Solo Traveler: The Risk and The Reward
In 2016, I moved across the world to Egypt as a solo traveler to perfecting my Arabic. At the same time, through transforming my environment I was convinced there was something grander I would find if I left. An intelligible enigma that I could never quite describe because we’d never met, but knew I would recognize. If it put its face to mine, I would be able see.
As a solo female traveler, I was cognizant of the fact that perhaps I wouldn’t find what I was looking for here. Because it was less about Egypt, less about the location and more about coming together with myself more tenderly, more completely. In a way you can’t do from the comfort and protection of familiarities. In a way that causes reflection, and forces you to stare back at yourself uninhabited in all your beautiful, ugly rawness.
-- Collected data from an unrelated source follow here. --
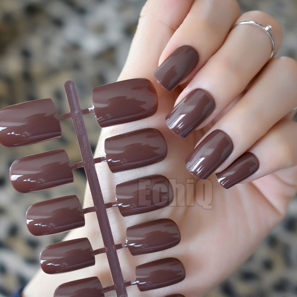 Uñas postizas de Chocolate, brillantes, cuadradas, largas, de Gel sólido marrón, con adhesivo de pegamento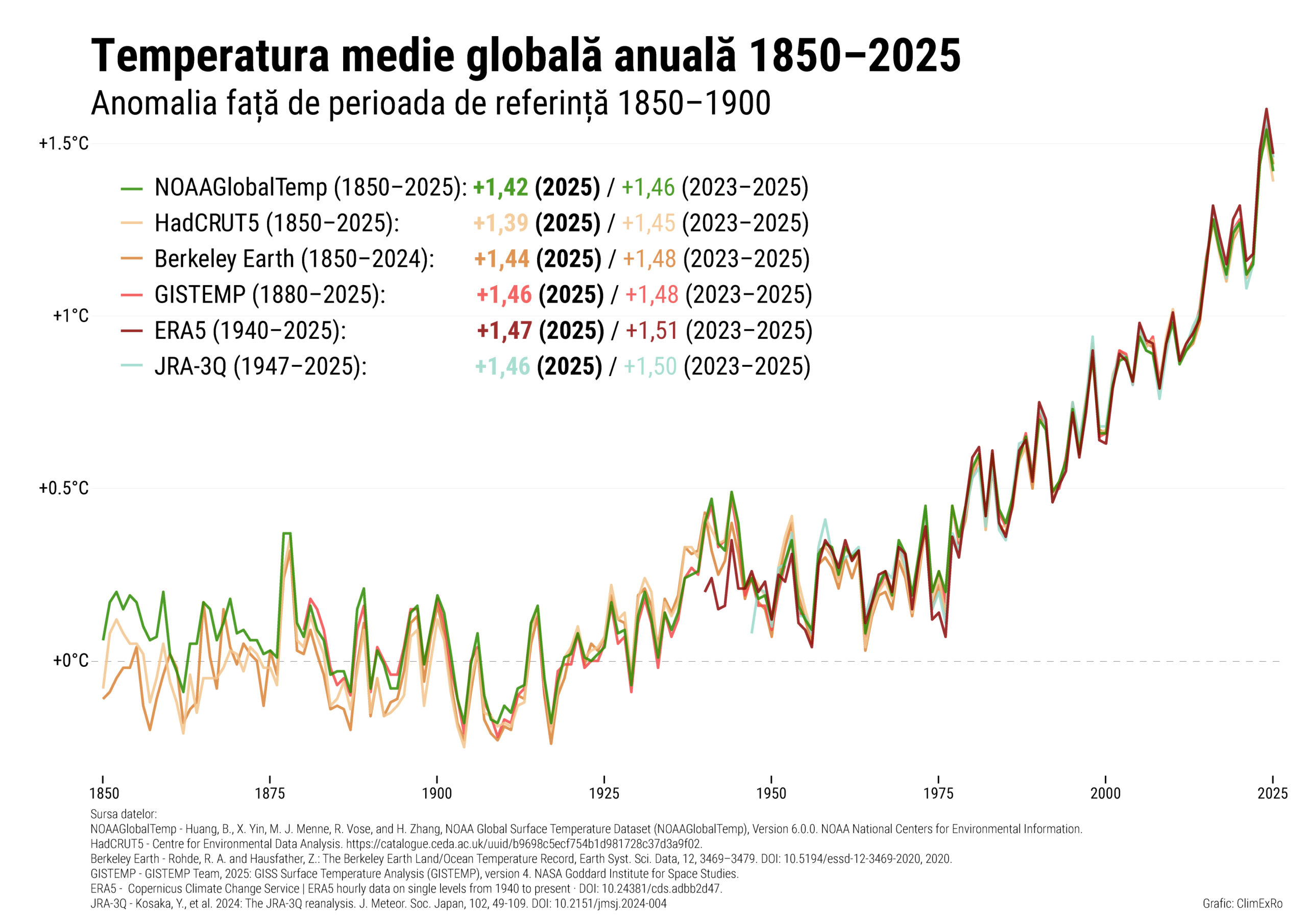 Acordul de la Paris din 2015 stabilise ca țintă limitarea încălzirii la 1,5°C. Am atins deja acest prag. Fiecare fracțiune de grad în plus înseamnă mai multe valuri de căldură, mai multe perioade cu secetă, mai multe inundații și un impact mai mare asupra ecosisteme și pentru societății. Graficul ne arată mai multe surse de date și toate spun același lucru: 2025 a fost unul dintre cei mai calzi ani înregistrați vreodată, parte a unui trend crescător.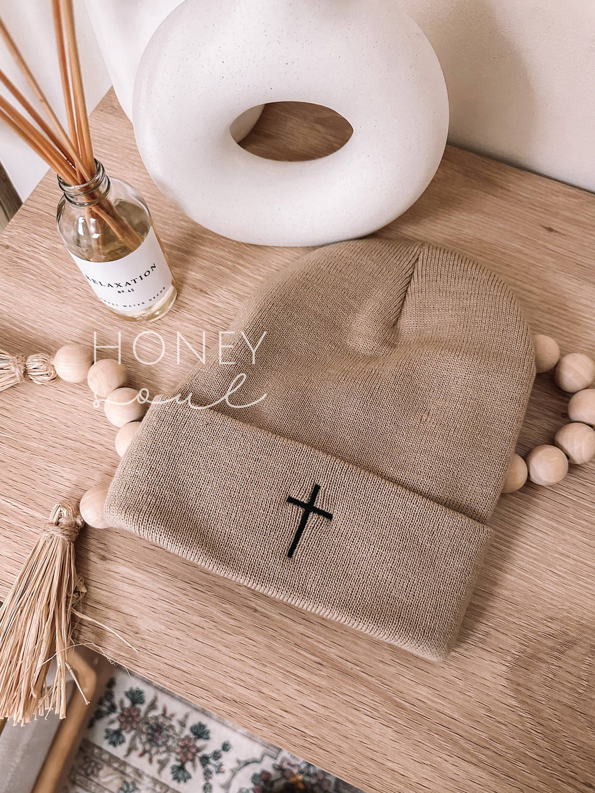 Embroidered Cross Knit Beanie || Cross Embroidered Beanie || Embroidered Fall Beanie || Christian Knit Beanie || Christian Beanie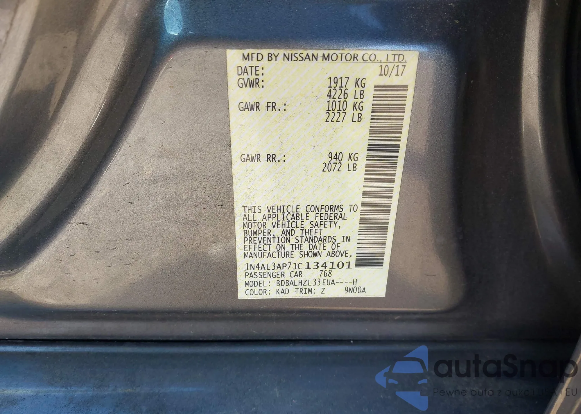 LOT: 43919836 VIN: 1N4AL3AP7JC134101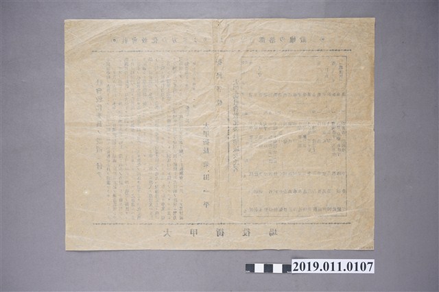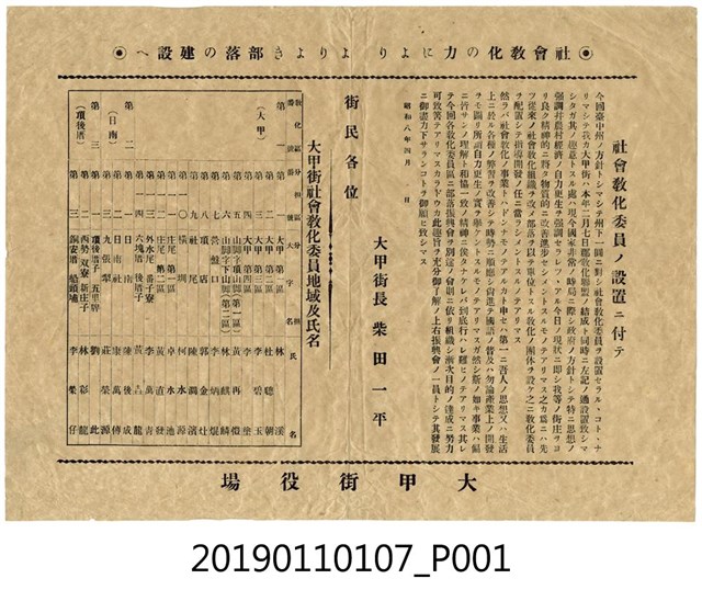 此文物為關於社會教化委員之設置之文件,於昭和8年(1933)大甲街長柴田一平所頒布,文件最上方標題為「社會教化の力により よりよき部落の建設へ 」,文件分左右兩邊,右半邊為「社會教化委員ノ設置ニ付テ」、左半邊為「街民各位 大甲街社會教化委員地域及氏名」,最下方為「大甲街役場」。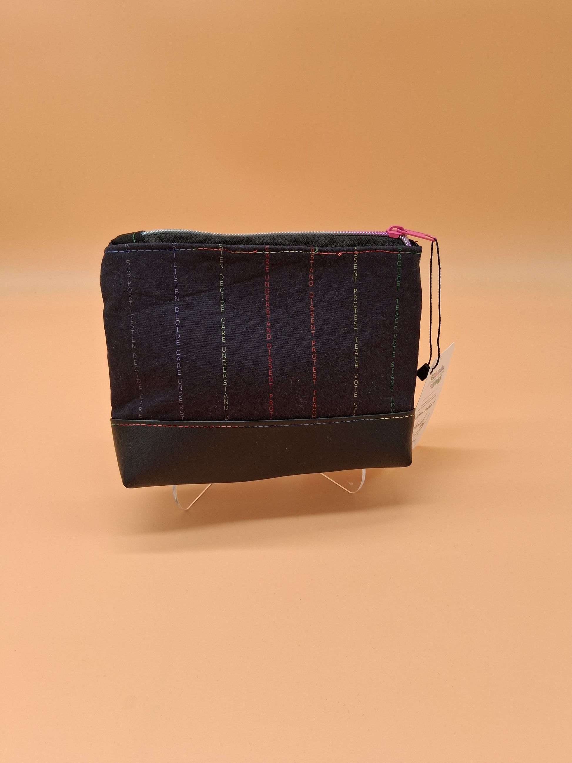 This cute little pouch has many different utilizations. The vinyl bottom gives structure to remain upright while the cotton offers enough flexibility to fit in a wide array of bags. Use it to keep your makeup safe, your office supplies together or your monthly moon supplies close by. A fitted zipper keeps it all securely inside.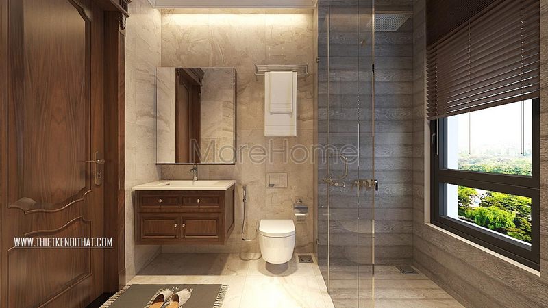 Tủ lavabo treo tường mặt đá trắng gỗ óc chó với ngăn kéo để đựng các vật dụng nhỏ nhắn trong phòng tắm khá tiện lợi.

Your pride and your shame.
I wouldn’t say that when I left to find that something, that I did so and it changed my life and all those sweet nothings. But what I will say is this: traveling solo across the world was a provocation. It caused me to see the components of myself more transparently. Because around the world everything is presented through the lens of personal and social identity. That of race, that or religion, of gender, of ethnicity, and that of social class.
Thus, I had to come inside my house and examine my own components: black, woman, Liberian, Guinean, woman, Fulani, Kpelle, Christian, American and so on. How these all lap together inside me like water. Indistinguishable- unable to be separated from one another.
I am still uncovering what it means to be all of this at once and there is nothing more self-discovering then being apart of the women who travel around the world to create a life even more beautiful than the one that was given to them. To create of life that’s all their own.